Gretchen Stevens, Seth Flaxman, Emma Brunskill, Maya Mascarenhas, Colin D. Mathers, Mariel Finucane on behalf of the Global Burden of Disease Hearing Loss Expert Group
DOI: http://dx.doi.org/10.1093/eurpub/ckr176 ckr176 First published online: 24 December 2011


Background: Hearing impairment is a leading cause of disease burden, yet population-based studies that measure hearing impairment are rare. We estimate regional and global hearing impairment prevalence from sparse data and calculate corresponding uncertainty intervals. Methods: We accessed papers from a published literature review and obtained additional detailed data tabulations from investigators. We estimated the prevalence of hearing impairment by region, sex, age and hearing level using a Bayesian hierarchical model, a method that is effective for sparse data.
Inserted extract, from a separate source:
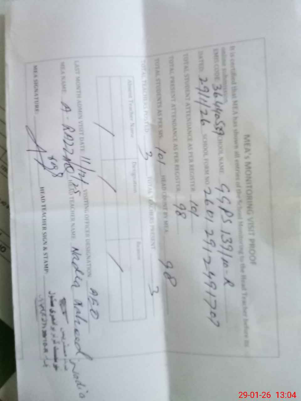 | EMIS Code: 36440539 | Name of School: GGPS 139/10-R QADEEM, JAHANIAN | |||
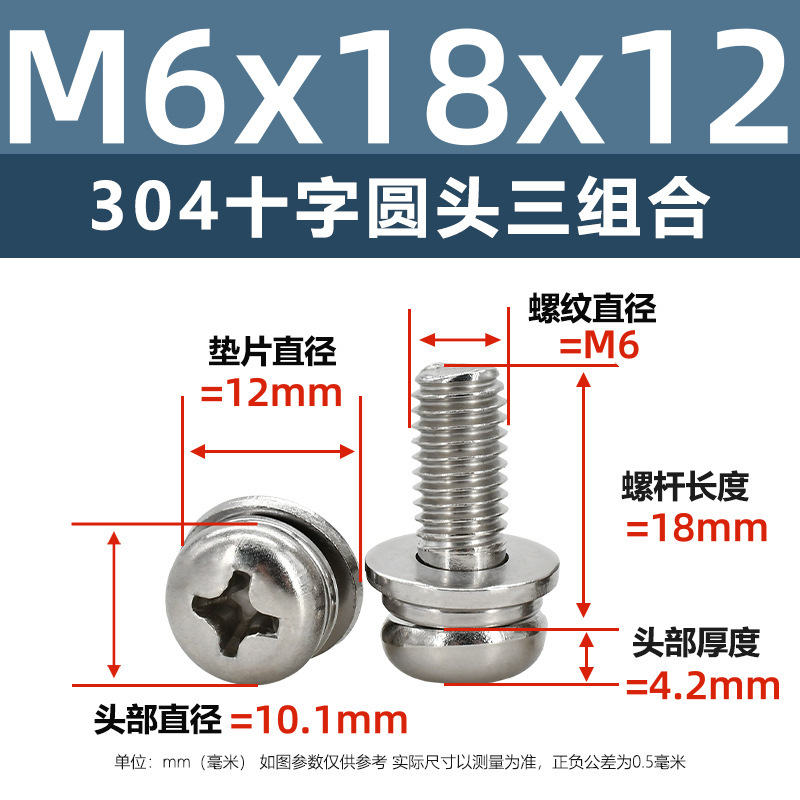 • M6*40*12 (304 십자 둥근 머리 3개 조합) (10개)

As the primary objective of modelling was to produce regional and global prevalence estimates, including for those regions with scarce to no data, models were evaluated using cross-validation. Results: We used data from 42 studies, carried out between 1973 and 2010 in 29 countries. Hearing impairment was positively related to age, male sex and middle- and low-income regions. We estimated that the global prevalence of hearing impairment (defined as an average hearing level of 35 decibels or more in the better ear) in 2008 was 1.4% (95% uncertainty interval 1.0–2.2%) for children aged 5–14 years, 9.8% (7.7–13.2%) for females >15 years of age and 12.2% (9.7–16.2%) for males >15 years of age. The model exhibited good external validity in the cross-validation analysis, with 87% of survey estimates falling within our final model's 95% uncertainty intervals. Conclusion: Our results suggest that the prevalence of child and adult hearing impairment is substantially higher in middle- and low-income countries than in high-income countries, demonstrating the global need for attention to hearing impairment.